The other element which must be proved is mensrea.In other words the prosecution must establish malice aforethought on the part of the accused. The penal code under section 206 clearly enumerates the circumstances which will be established to prove malice aforethought.  One of the circumstances is knowledge that the act or omission causing death will probably cause the death of or grievous harm to some person.  The evidence on record show that a huge stone with blood stains was found next to the toilet where the deceased’s body was dropped.  It is said that the stone was used to

crash the head of the deceased.  According to the post mortem report, the deceased’s skull was fractured.  I can only infer that the accused  used the stone to hit the deceased.  He had knowledge or he ought to have known that such a stone could cause death or grievous harm on the deceased.  For the above reason I find that the accused had malice aforethought.  Of course I am aware that the blood-stained store was not subjected to examination.  That notwithstanding I am convinced that the same was used to crash the deceased’s head.

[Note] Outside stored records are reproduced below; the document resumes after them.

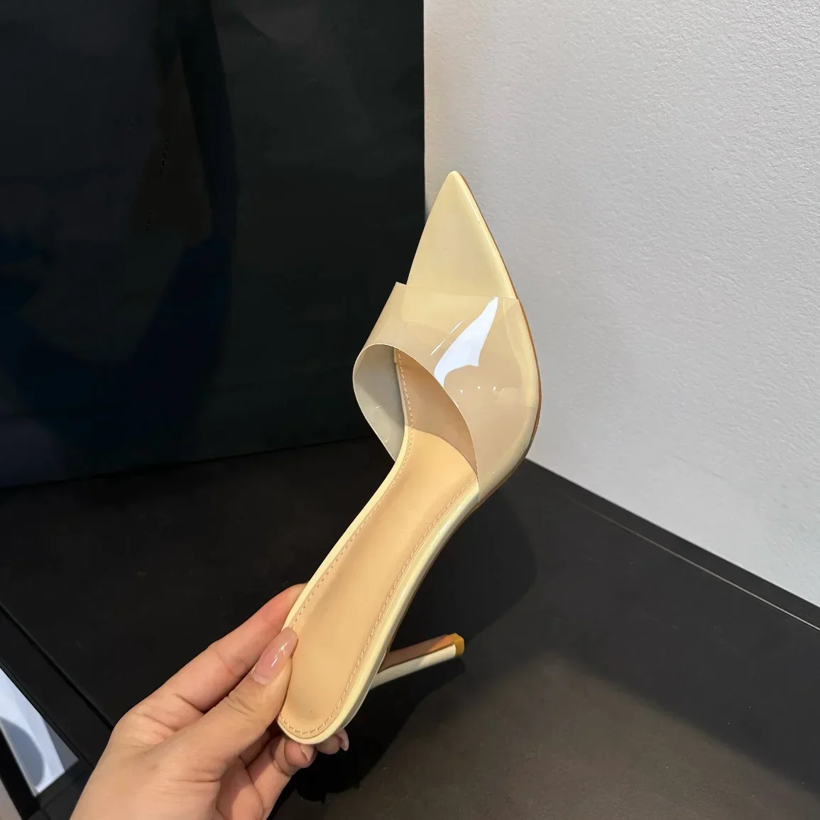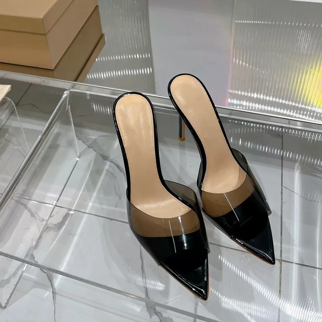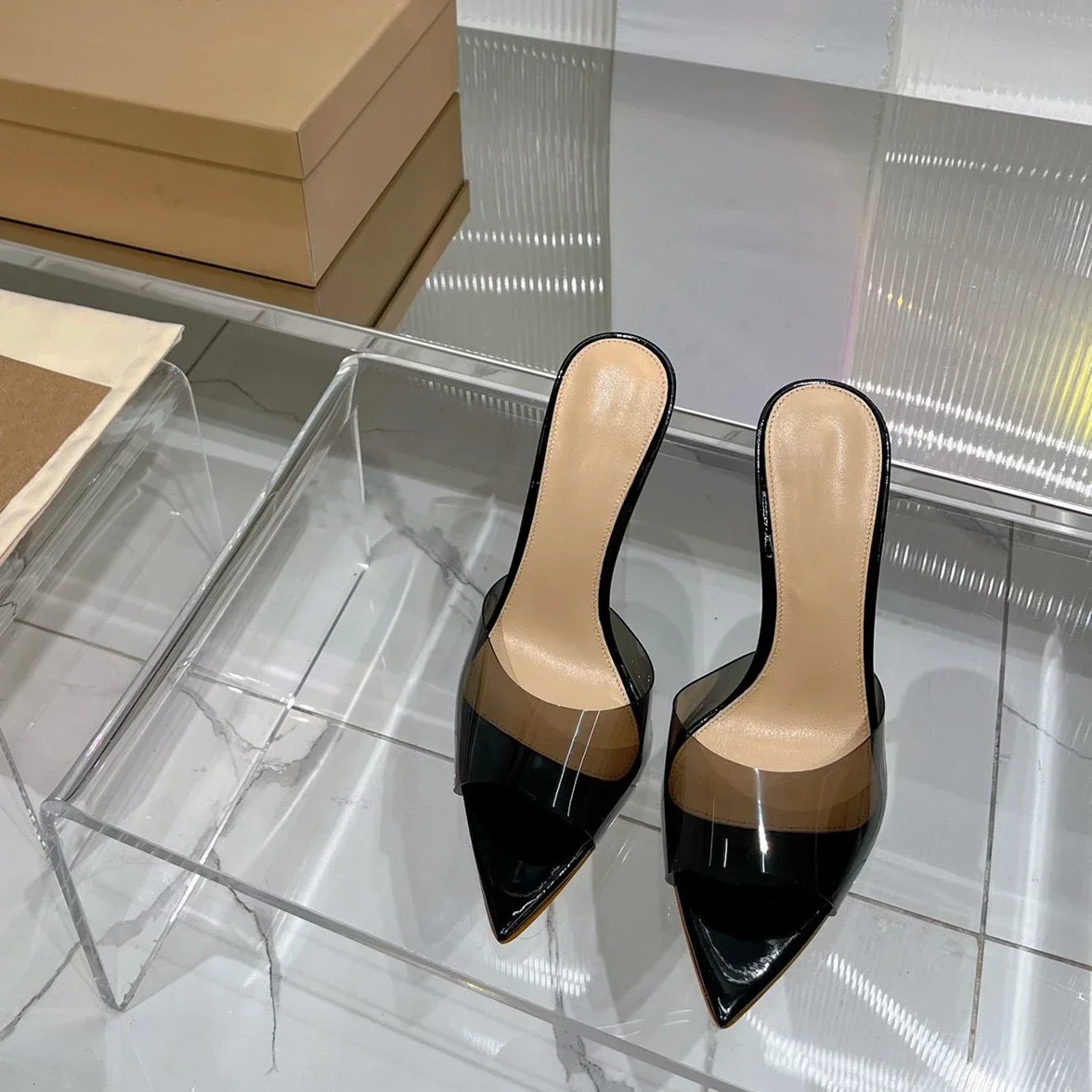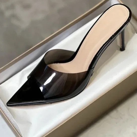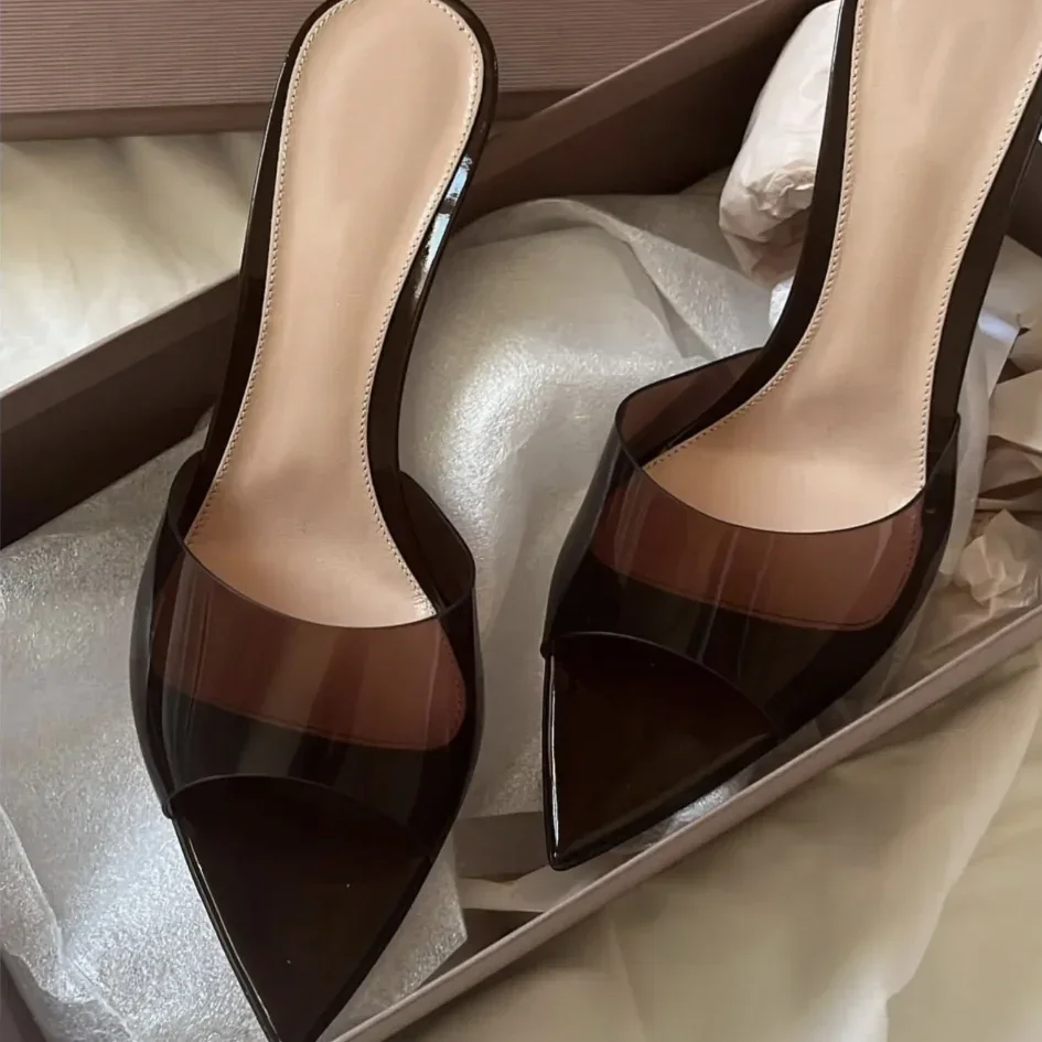Saashi Transparent High Heeled Slippers for Women Fashion Slim Heeled Pointed Open Toe Flip Flops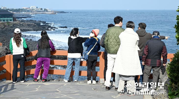 [한라일보] 10일 제주시 용담동 용두암을 찾은 관광객들이 제주의 봄바다를 바라보고 있다. 강희만기자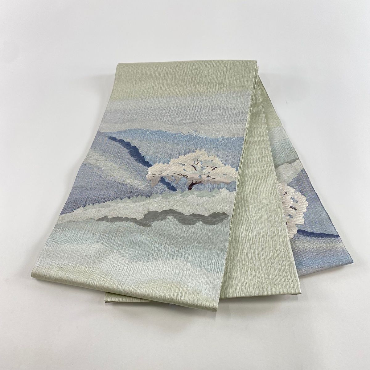 袋帯 秀品 北国の春 銀糸 灰緑 お太鼓柄 正絹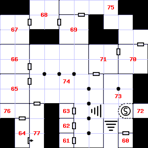 | 58 | A cold air current blows through this area. The hilt of a broken dagger is lying here.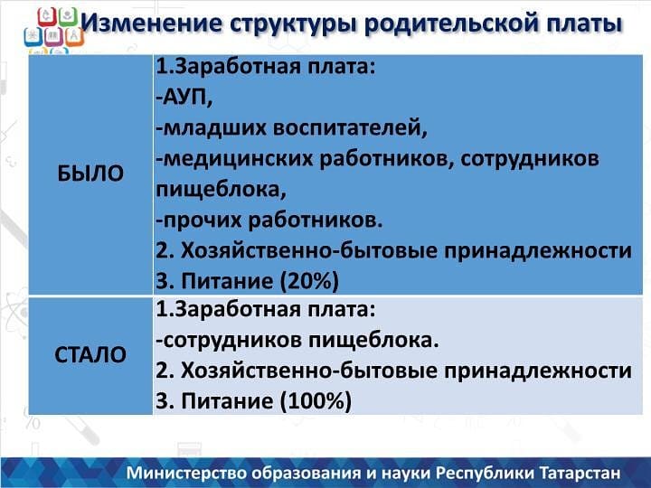 Все расходы, связанные со снижением размера постоянной платы, и в целом родительской платы, будут компенсироваться за счет консолидированного бюджета РТ.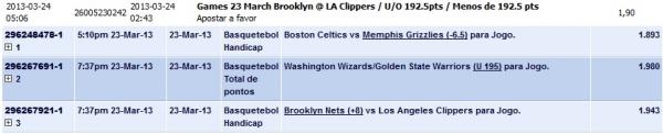 Boston Celtics/New Orleans Hornets (O 186) 1.877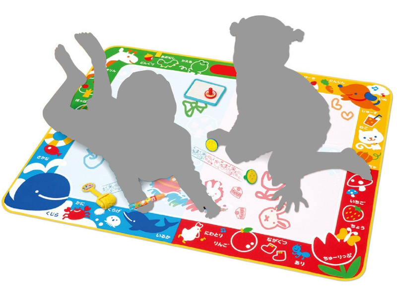 何度でも繰り返しお絵描きができる!「らくがき用シート」のご紹介です。シート上に水を入れた専用ペンでお絵描きすると、発色します。乾くと描いたものは消えますので、何度でも繰り返し使えて経済的。水で描きますので、床にはみ出しても汚すことがありません。使わない時はシートを折りたたんで置いておけます。描くことが大好きなお子様にも、床や服のへの汚れを気にしなくていい保護者の方にも嬉しい商品です!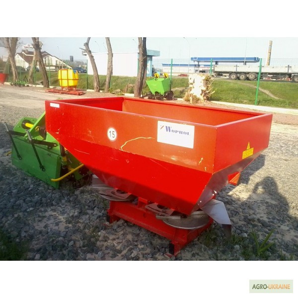 РУМ НАВІСНИЙ ОБ'ЄМОМ НА 1000 Л, ШИРИНА РОЗСІЮВАННЯ 12-24 МТ, 2-РОЗСІЮЧИДИСКИ, 6 ВІДПОВІДІВ НА ДИСКУ, 540 об/хв, робоча швидкість 4-13 км/год, потужністьтракторів0, /1500кг/га. З карданом.

The remaining issue which came out as a peripheral issue is whether or not the accused was sane.  Doctor Charles Mwangombe (P.W.7) the Psychiatrist who examined the mental state of the accused came to the conclusion that the accused was mentally fit to stand for trial.  He told this court that he had no previous history of the mental status of the accused.  There was no witness who gave evidence showing that the accused had been previously treated for mental illness at any time.

In the end, I am convinced that the defence raised by the accused did not displace the  prosecution’s case.  It would appear the accused wanted to raise the defence of insanity but unfortunately there is strong medical evidence given by Dr. Mwangombe (P.W.7) indicating otherwise.  I see no merit in the defence.  I dismiss the same.  I find the accused guilty of the offence of murder.  He is convicted and sentenced  to suffer death in the manner authorized by law.

Dated and delivered and Mombasa this 27th  day of October 2008.

J. K. SERGON

J U D G E

In open court in the presence of Mr. Ondari for the state and in the presence of the Accused and in the absence of Mr. Kaburu for Accused.